Viewed from below, everything looked all right. The paintwork was still presentable - just the streaks and stains you’d expect, nothing that wouldn’t wipe away with a damp rag. However, it’s always worth taking a closer look. I got the ladder out of the cellar and carried it round the block and put it up. I climbed until I was head and shoulders above the troughing, and I looked down.
Everything was not all right. All the way along the wooden troughing was a thick layer of dark and disgusting sludge. The weather was dry, but this detritus was still soggy, holding moisture against the surface of the wood. Left like that, it would eventually seep down below the surface, no matter how well the wood had been treated with preservative. In the fullness of time, the troughing would rot and be ruined.
I set about cleaning it out. A trowel? No, wrong angle. A brush? No, not stiff enough. A wooden spoon? No, not enough clearance to get it under the overhang. In the end, I had to work my way all along the main section and round the side with a long-handled teaspoon. It took me quite a while. Then, pour in water at one end, swill it down to the drainpipe, and leave it to dry.
Since then, I’ve given it a good coat of wood preservative, and I’m waiting for another dry spell to add a coat of sealant on top. And then the job will be done.
On Wednesday I was in Manchester, talking to a middle-aged man about the gospel. He’d approached me with a number of perfectly reasonable questions, which I was happy to answer, as best I could. He acknowledged that the creation spoke of a Creator, and said that he had been trying to find God for himself, for many years. I explained the way of salvation again, and suggested that he began by acknowledging before God that he was a sinner. He’d readily agreed that he was by no means perfect, but…

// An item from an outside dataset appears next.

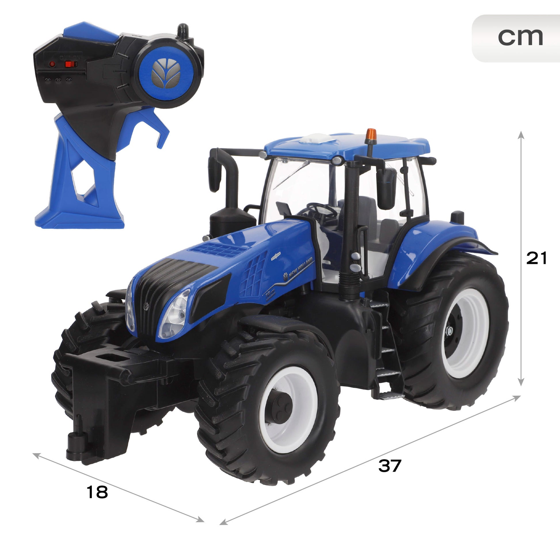 Recomendado para niños a partir de 8 años, el New Holland, con medidas de 37x18x21 cm, es un tractor radiocontrol robusto y preparado para cualquier terreno. El mando funciona con 2 pilas AAA (no incluidas) y el tractor con 4 pilas AA (no incluidas).

The more I pressed him to admit his guilt before God, the more defensive he became. The serious faults which he had already admitted became minor issues, hardly worth mentioning, and he was better than many other people that he knew, and God welcomed anyone who was a seeker after truth anyway, didn’t He, and why would he want to repent when it wasn’t really his fault, and..?

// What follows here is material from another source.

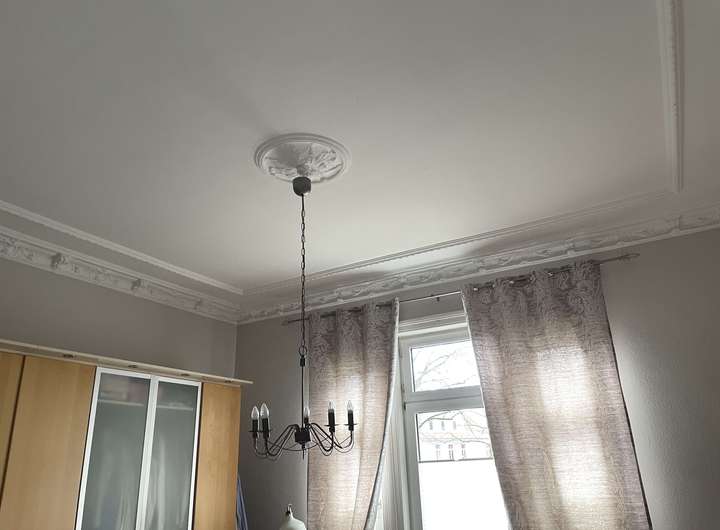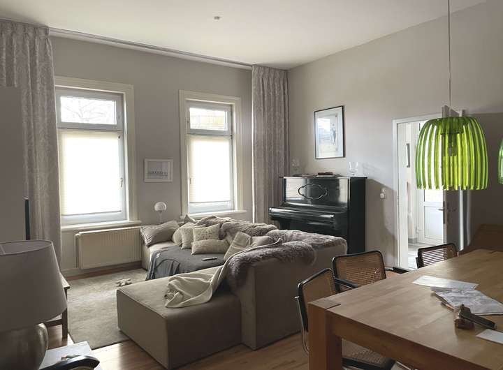 Eine geräumige, auf drei Seiten mit Fenstern versehene Eingangsdiele ist dem angrenzenden, gut 30 m² großen Wohnraum vorgelagert. Von hier über einen Zwischenflur sind das ebenfalls sehr große Schlafzimmer mit Stuckelementen an der Decke, das innenliegende Gäste-Bad mit Dusche sowie die Küche separat begehbar. Die Küche ist mit einer Einbauküche ausgestattet und verfügt ganz wunderbar über einen direkten Ausgang in den eigenen, rückseitigen Garten. Ein zweiter Flur verbindet die beiden kleineren Wohnräume sowie das Tageslichtbadezimmer mit den anderen Räumlichkeiten.

At this point I’m spoiled for choice when it comes to texts concerning the true nature of the unregenerate human heart. Let me ask you, instead: what would you have said to him? What texts would you have shared with him, had you been there?
And how is that man like my troughing? It’s obvious, and I know you’re ahead of me, but I’ll say it anyway. When we consider our spiritual condition, the view from below - from our point of view - suggests that we’re not really all that bad: a moderate amount of moral reformation, and the job’s a good one, we’re right with God! Alas, the view from above, with divine insight into the human heart, tells a very different story.

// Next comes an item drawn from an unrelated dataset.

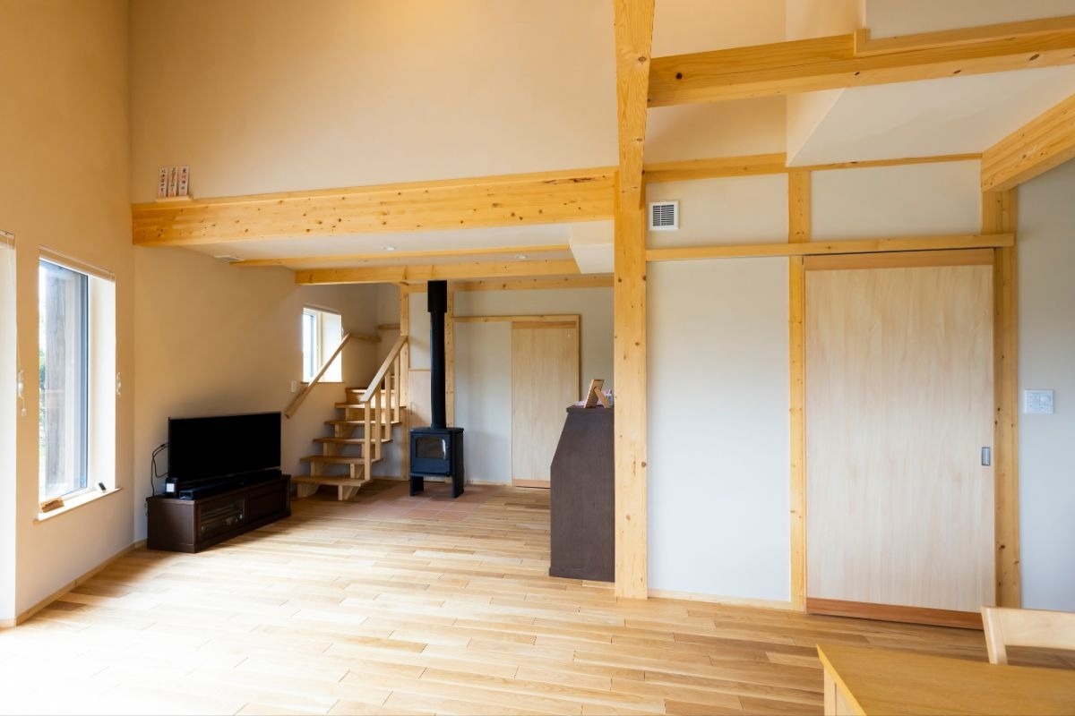 友人宅同様、新居のリビングの一角には薪ストーブを設置することにしました。引渡しは3月下旬でしたが、薪ストーブを朝に一度焚いてしまえば、断熱の効果もあって家全体が十分暖かくなり、満足したそうです。「我が家に住んで一番感動したのは、住み始めた3月で屋外が5℃程度でも室内は暖房なしでも暖かいということでした」

Isaiah 64.6: We have all become like one who is unclean, and all our righteous deeds are like a polluted garment. We all fade like a leaf, and our iniquities, like the wind, take us away.
Jeremiah 17.9: The heart is deceitful above all things, and desperately sick; who can understand it?
And today, there is no longer any real need to repent? Just have faith, just have faith?
Matthew 9.13: I came not to call the righteous, but sinners.
Luke 13.3: No, I tell you; but unless you repent, you will all likewise perish.
I’ll leave you with one last photograph, and a question for anyone who happens to come across this blog who does not know Jesus Christ as Saviour and Lord: what is the state of your own heart today - seen, not from below, but from above? No don't tell me: take it, as the old hymn has it, to the Lord in prayer.